In 766, he was granted a new position, hō-ō; in 767 this position was altered to include military authority. The next year, in 768, Dōkyō persuaded an oracle from the Usa Shrine in Buzen Province to predict peace in Japan if Dōkyō were named emperor. This angered the ruling class, including the powerful Fujiwara clan. Hence, a second oracle was brought to Kyoto by Wake no Kiyomaro. It stated:
Since the establishment of our state, the distinction between lord and subject has been fixed. Never has there been an occasion when a subject was made lord. The throne of the Heavenly Sun Succession shall be given to one of the imperial lineage; wicked persons should immediately be swept away.
In response to the second oracle, Dōkyō had Wake no Kiyomaro sent into exile in Ōsumi Province.
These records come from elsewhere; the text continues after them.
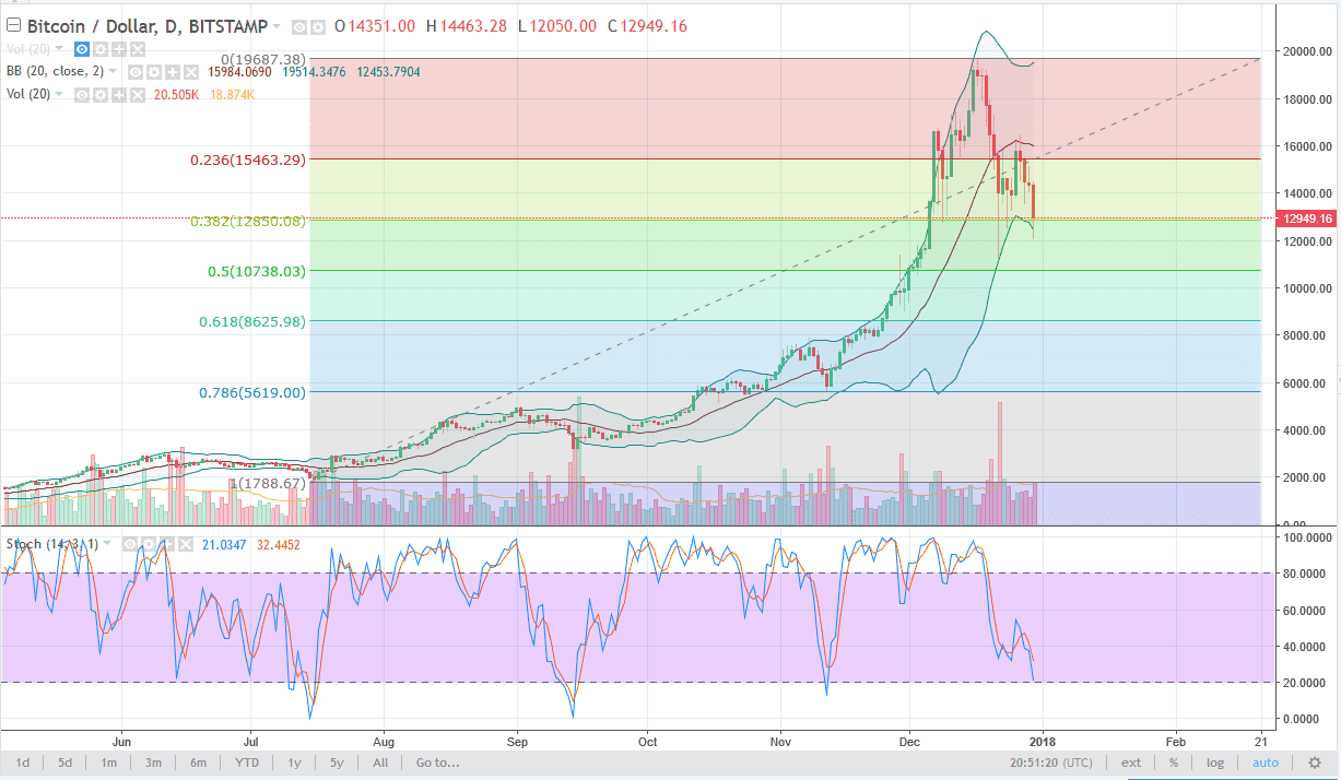 Bitcoin traders have sold over the last couple of sessions, as we are below the $13,000 level at the time of this recording. It is the 38.2% Fibonacci retracement level of the recent move on the daily chart, but I think we are bound to go much lower. The 50% Fibonacci retracement is at the $10,700 region, and the 61.8% Fibonacci retracement level is closer to the $8700 level. I think that we are likely to see at the very least the 50% retracement level tested. The 20 SMA is starting to roll over, and it’s likely that we will continue to see selling pressure, at least in the short term. The stochastic oscillator is very negative, and I would be the first point out that the most recent heavy volume candle on the daily timeframe was decidedly negative.
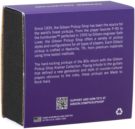 The hard-rocking pickups of the 80s return with the Gibson Pickup Shop Kramer Collection. Paying tribute to the guitars that defined a new generation and style of counter-cultural players oblivious to the rules, these pickups are Made to Rock Hard. The 'Eruption' pickups are designed for those who demand high output and maximum articulation for shredding and tapping.
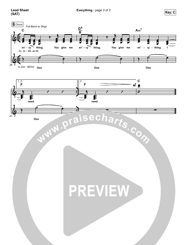 Download the sheet music for Everything by Lauren Daigle, from the album Look Up Child. This song was arranged by Jeff Moore / Daniel Galbraith in the key of C, D.
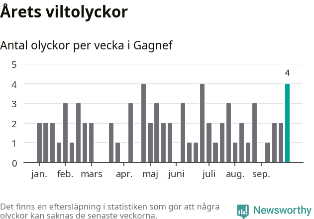 Hittills har fyra viltolyckor rapporterats in i Gagnefs kommun från vecka 40. Se listan här.
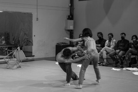 Two years since their last production Lucy. tutorial for a ritual, the collaboration between Martha Pasakopoulou and Aris Papadopoulos is in its essence put under the microscope and is examined as an attempt to perform friendship on stage. The two interpreters, but also friends, collaborators and artistic partners, delve into a common archive of movement material, dance practices and notes, which while drawing from the past is being constructed on stage. In the process of finding out what really matters, they re-shape it, reintroduce themselves and bring to surface that intangible in-between space. “The property of neither, the potentiality of both”. The audience is present as yet another viewpoint, a reflector of the duo’s friendship and its need to be witnessed.

==Policies during ascendancy==
During this period, the height of his political power and influence, Dōkyō built a temple in Yao, Osaka. It was sponsored by Shōtoku. Its foundations were discovered by archaeologists in 2017. Additionally, existing temples received extravagant donations and ongoing building projects were accelerated and expanded. The Usa Shrine also received grants of land.

Dōkyō also actively spread Buddhist principles and the religion itself. Laws were issued banning the raising of dogs and hawks for hunting, and meat and fish were disallowed from presentation to the emperor's table.

Moreover, the power of the great clans, such as the Fujiwara, was reduced and limited during this period.

==Fall from power and death==
When the empress died in 770, Dōkyō was stripped of his titles and banished from Nara, sent to Shimotsuke Province; the Fujiwara clan reasserted its authority over both the monastic institutions and the broader political landscape.